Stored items
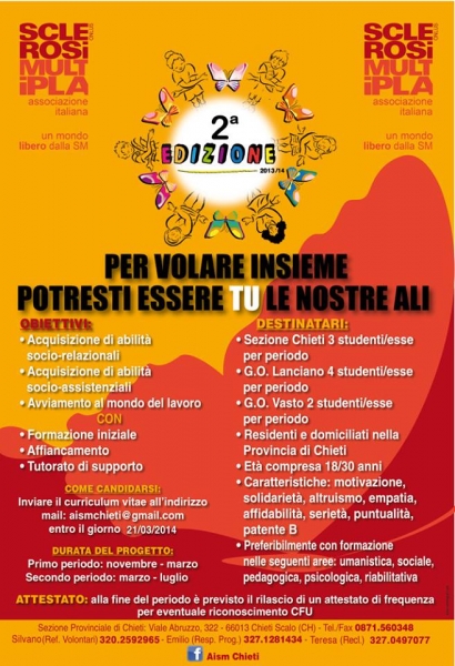 Nel 2012, per la prima volta nella Provincia di Chieti, si è avviato il progetto “Per volare insieme”, a cui hanno partecipato 8 giovani studenti dell’Università degli Studi “G. d’Annunzio”. In tal modo, l’AISM di Chieti è stata vicina alle esigenze e ai bisogni dei propri Soci (le persone con SM) e ai tanti interrogativi dei giovani universitari, che hanno vivacità intellettuale e spirito di solidarietà. Oggi, i giovani desiderano sempre più mettersi in gioco, per poter sperimentare sul campo i propri saperi e le proprie conoscenze: in AISM troveranno l’unica realtà d’Italia impegnata per “un mondo libero dalla SM” sin dal 1968.
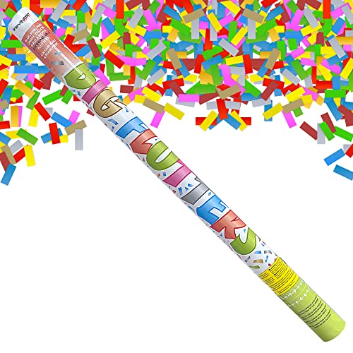 Confetti Cannons are perfect additions for Weddings, Gender Reveals, Birthday Parties, Business Events, New Year's, and more. These cannons have compressed air activation with simple twist and shoot mechanism (no lighting required). Suitable for indoor and outdoor use (please read safety instruction on pack before use).
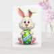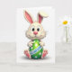 Este cartão apresenta um personagem coelho branco cremoso centrado em um fundo branco brilhante, com olhos escuros brilhantes e um pequeno sorriso que parece uma saudação amigável e afetuosa 🐰. Uma orelha fica em pé enquanto a outra dobra, dando à pequena figura um olhar gentil e tímido. O rosa suave aparece dentro das orelhas e nas almofadas das patas enquanto ele abraça um ovo verde liso perto do peito, como se estivesse oferecendo um presente doce a alguém especial 🐇. O ovo tem pontos brancos arrumados e uma fita azul clara enrolada no meio. Sobre a fita, a palavra “NETO” aparece em letras maiúsculas arrumadas, destacando-se claramente contra a faixa azul. A iluminação é suave e uniforme, com sombras tênues sob o coelho e ao redor do ovo que adicionam profundidade sem escurecer a cena. Bigodes finos se estendem de um pequeno nariz rosa, e destaques brilhantes brilham ao longo da superfície curva do ovo. O fundo permanece simples e brilh
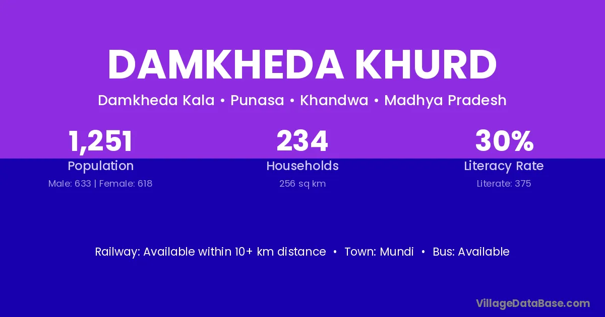 Damkheda Khurd village has a total population of 1,251 people, of which 633 are males and 618 are females.
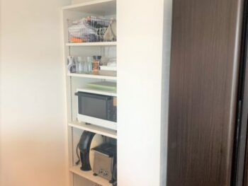 | ご提案内容 | 事前にLINEで可動棚の設置希望か所をお送り頂いていた為、訪問時に即日工事を行うことが出来ました。 設置されたい家電を教えて頂き、奥行きは45センチで作らせて頂くことで、通常2名以上だとキッチンはすれ違うことや、作業がしづらくなる事が多いですが、余裕のある動線となり喜んで頂け大変うれしく思います。 また何かございましたら、お気軽にお問合せください。 |
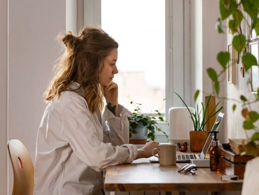 Frau arbeitet im Homeoffice: EU-Kommission schlägt mindestens einen Tag vor.
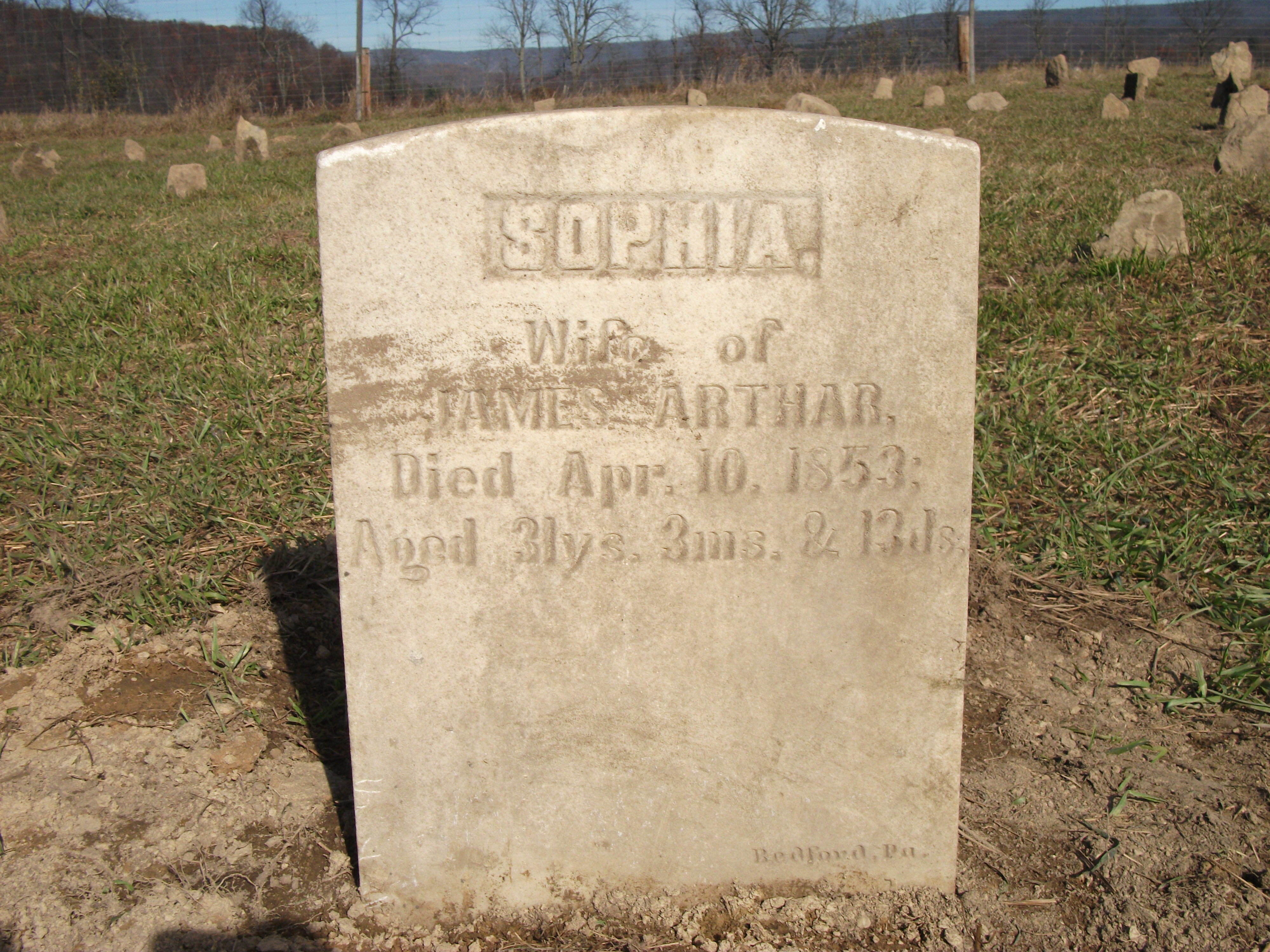 Sophia wife of James Arthar (Arthur) d. 4/10/1853 aged 31 years 3 months 13 days
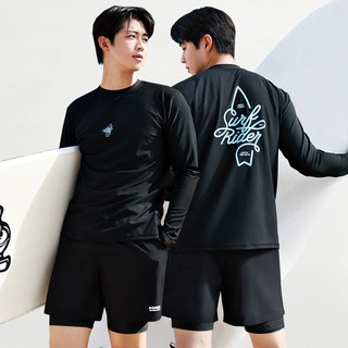 써핏 오버핏 커플 반집업 래쉬가드 상하의 세트 SFRC011, 블랙
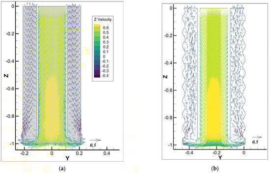 Velocity vector field colored with the mixture z-velocity for different cases for the cement slurry inlet velocity of 0.5m/s: (a) Case-1 with smooth outer wall; (b) Case-2 with irregular wall.
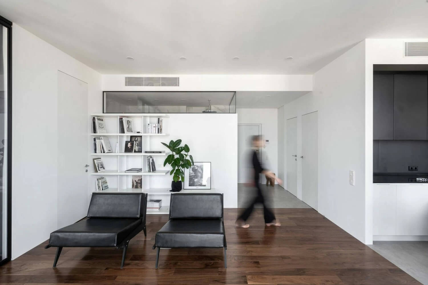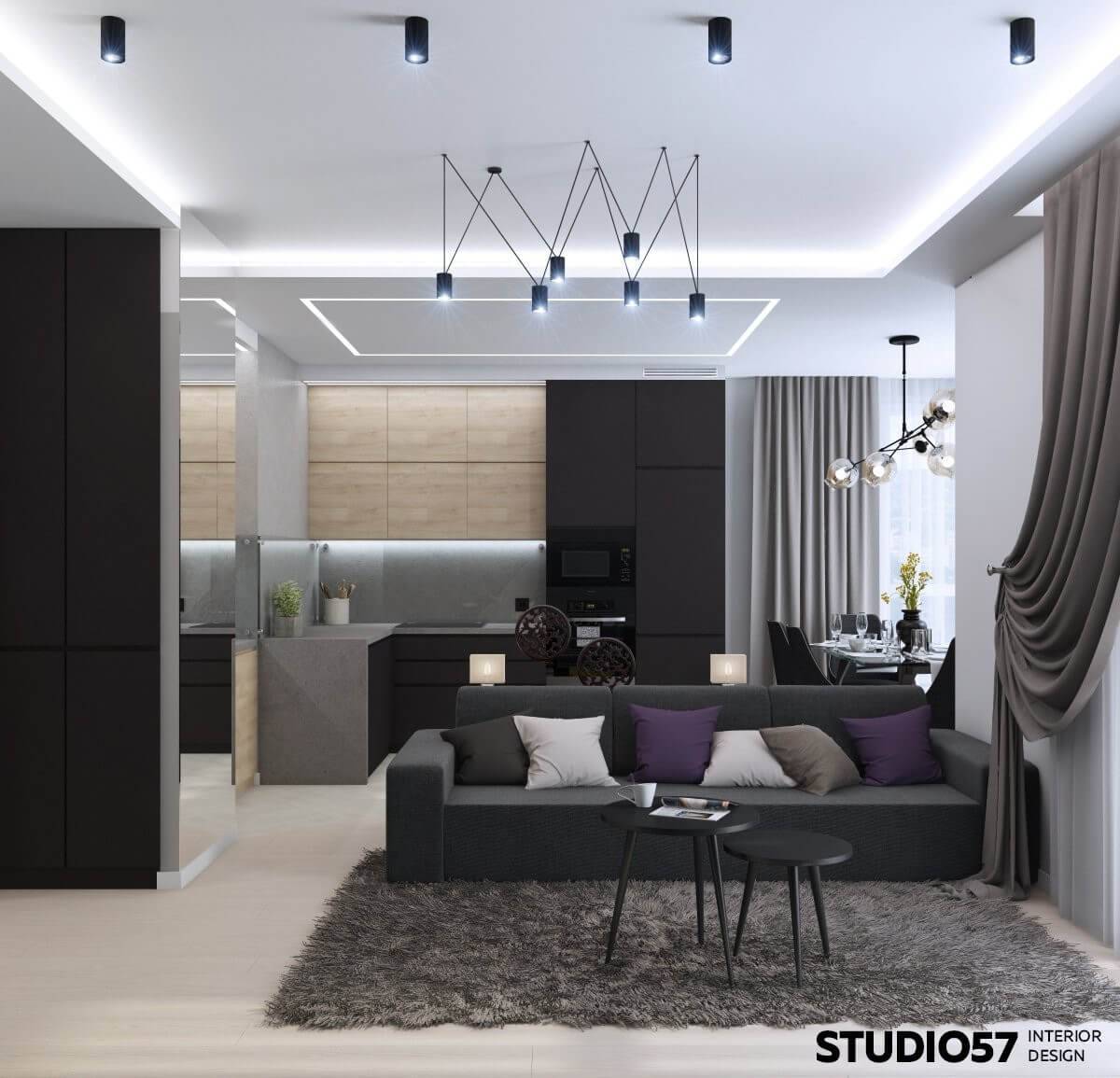 Минимализм часто играет на контрастах и может позволить себе тёмные и даже чёрные оттенки мебели и текстиля на фоне светлых стен, пола, потолка. Studio 57
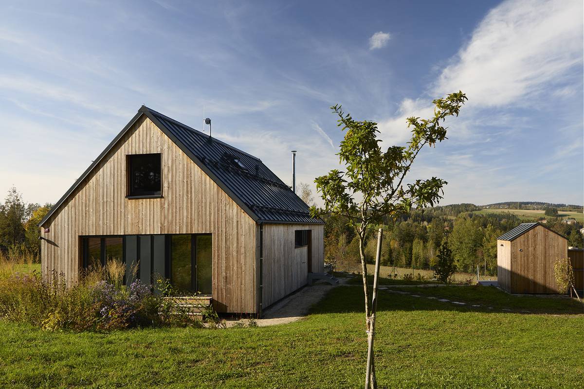 V jednotném stylu jsou vedle domu navrženy sklad a sauna, takže celý pozemek se všemi objekty působí kompaktně a uspořádaně.
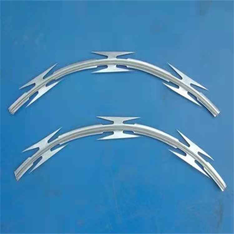 平板式刀片刺繩是刀片刺網(wǎng)的一種新的應(yīng)用方式,它是將單圈式刀片刺網(wǎng)平壓成板狀,或?qū)杉䥺稳Υ叹W(wǎng)壓平后交叉相錯(cuò)使用,外表美觀而且實(shí)用,可與直線式刀片刺網(wǎng)搭配使用,構(gòu)成下直線上平板的防護(hù)墻,或僅用平板式刺網(wǎng)構(gòu)成防護(hù)墻。主要適用于小區(qū)、倉庫、畜牧廠、農(nóng)場、礦山、監(jiān)獄、國防重地等。

■ WHAT YOU NEED TO DO ■
Within these entries, output exactly the lines starting at the one with "Damkheda Khurd village" and finishing at the one with "Frau arbeitet im". Leave pictures out of the output.

■ EXERCISE OUTPUT ■
 Damkheda Khurd village has a total population of 1,251 people, of which 633 are males and 618 are females.
 | ご提案内容 | 事前にLINEで可動棚の設置希望か所をお送り頂いていた為、訪問時に即日工事を行うことが出来ました。 設置されたい家電を教えて頂き、奥行きは45センチで作らせて頂くことで、通常2名以上だとキッチンはすれ違うことや、作業がしづらくなる事が多いですが、余裕のある動線となり喜んで頂け大変うれしく思います。 また何かございましたら、お気軽にお問合せください。 |
 Frau arbeitet im Homeoffice: EU-Kommission schlägt mindestens einen Tag vor.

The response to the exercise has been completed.